→ **Information**:

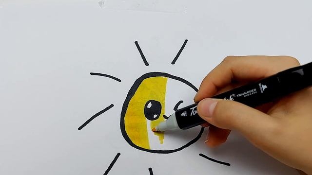 Как нарисовать яркое солнышко поэтапно фломастерами.
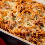 Sastojci: 600 g mljevenog mesa, 300 g špageta, 1 veća glavica crnog luka, 3 kašike paradajz pelata, 2 jajeta, peršun, 1 dl paradajz soka. Priprema: 1. Obarite špagete u slanoj vodi pa procijedite. 2. Isjeckajte crni luk i stavite da se prodinsta pa dodajte mljeveno meso i dinstajte još oko 15 minuta. Na kraju dodajte paradajz pelat, so, biber, isjeckani peršun i jaje. 3. U vatrostalnu tepsiju stavite pola špageta,... Pročitaj sve
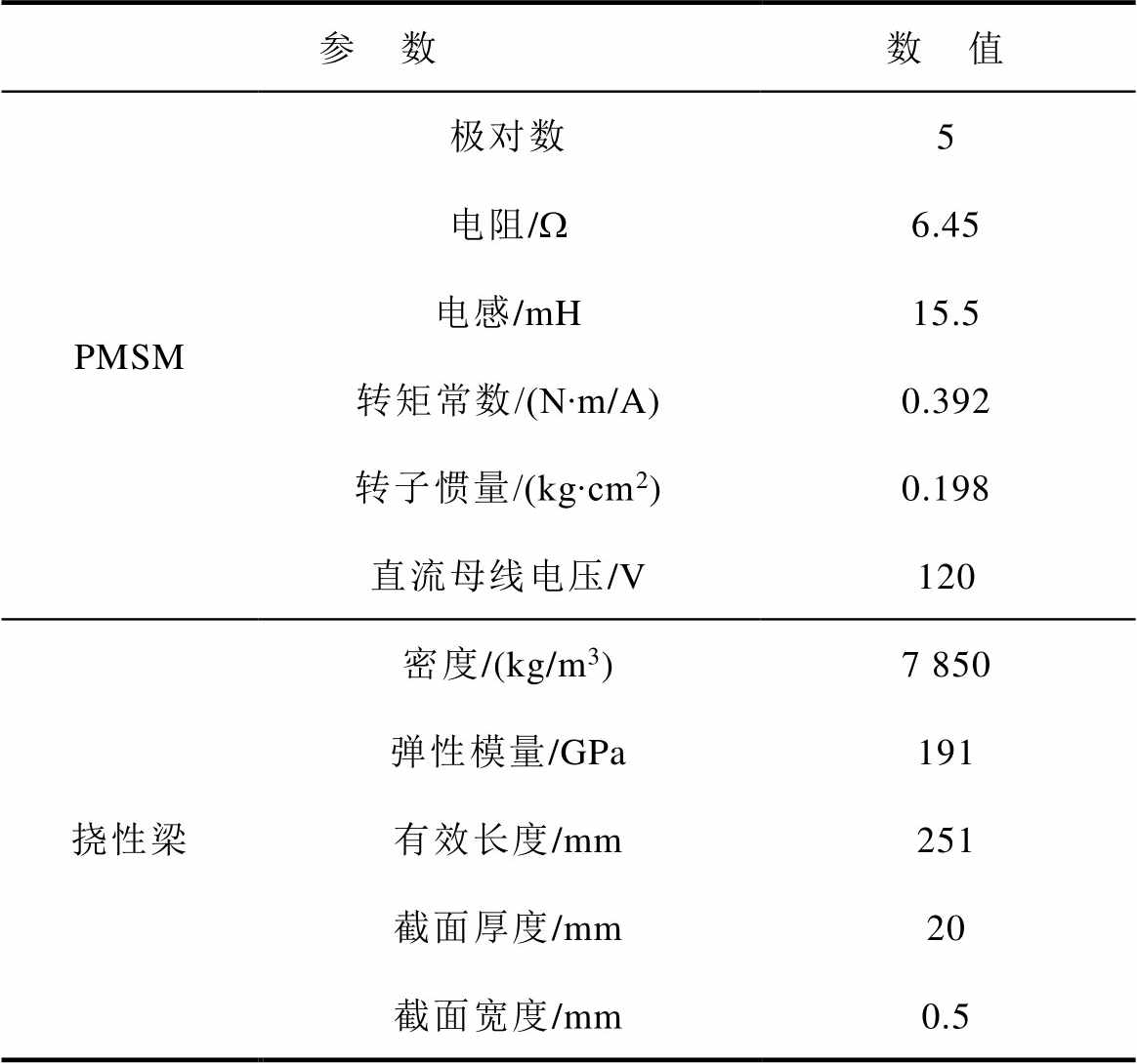 参 数数 值 PMSM极对数5 电阻/W6.45 电感/mH15.5 转矩常数/(N∙m/A)0.392 转子惯量/(kg∙cm2)0.198 直流母线电压/V120 挠性梁密度/(kg/m3)7 850 弹性模量/GPa191 有效长度/mm251 截面厚度/mm20 截面宽度/mm0.5
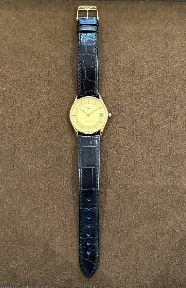 There are few signs of wear, only the dial and hands have light patina. A new original black alligator Longines watch strap has been fitted with a gold-plated Longines buckle.
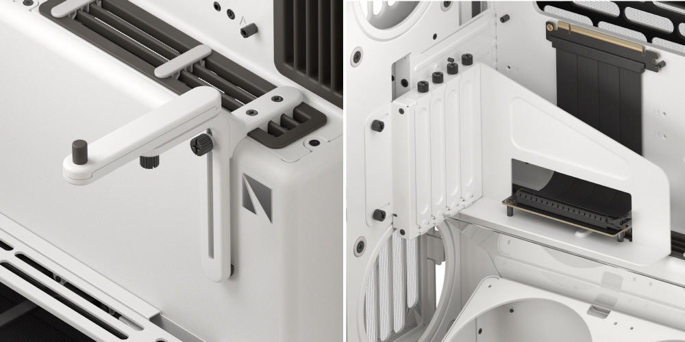 해당 케이스는 블랙과 화이트 두 가지 색상으로 제공되며, 기본 버전과 VGPU 버전 중 선택할 수 있다. 기본 버전에는 사전 설치된 3방향 조절식 그래픽카드 지지대가 포함되어 있어 그래픽카드를 안정적으로 지지하면서도 빌드의 미관을 해치지 않는다. VGPU 버전은 수직 GPU 마운트 브라켓, PCI Express 5.0 x16 라이저 케이블, 강화유리 공기 흐름 가이드가 있는 각진 하단 팬 브라켓이 제공된다.
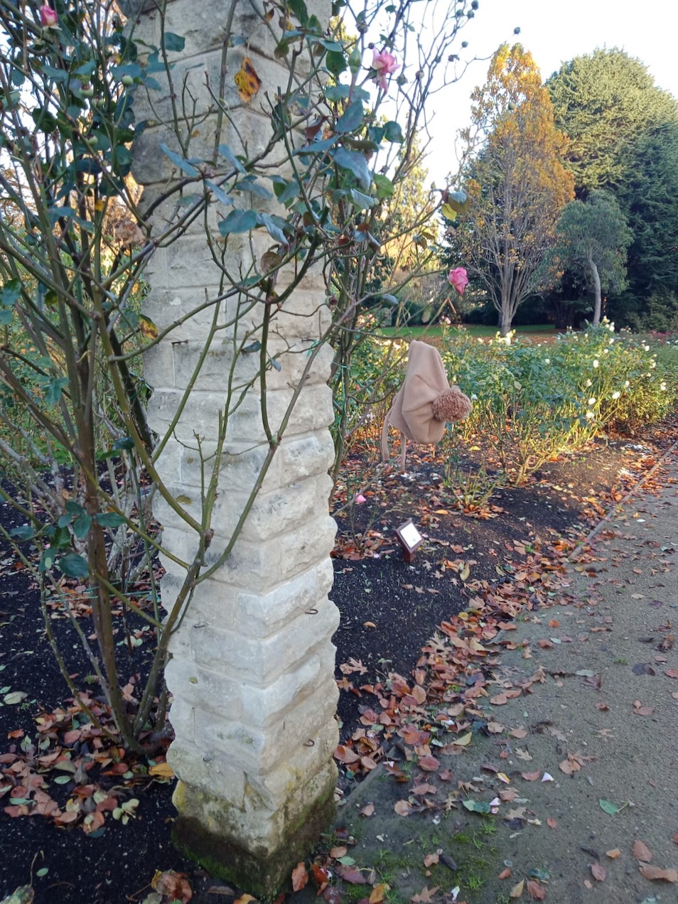 Sometimes along the walkway your wooly cap just gets away from you and into a blooming shrub.

→ **Brief**:
Reproduce only the lines between the line with "해당 케이스는 블랙과" and the final line of the records, both included, so that the copy matches them exactly and contains no pictures.

→ **Exercise solution**:
 해당 케이스는 블랙과 화이트 두 가지 색상으로 제공되며, 기본 버전과 VGPU 버전 중 선택할 수 있다. 기본 버전에는 사전 설치된 3방향 조절식 그래픽카드 지지대가 포함되어 있어 그래픽카드를 안정적으로 지지하면서도 빌드의 미관을 해치지 않는다. VGPU 버전은 수직 GPU 마운트 브라켓, PCI Express 5.0 x16 라이저 케이블, 강화유리 공기 흐름 가이드가 있는 각진 하단 팬 브라켓이 제공된다.
 Sometimes along the walkway your wooly cap just gets away from you and into a blooming shrub.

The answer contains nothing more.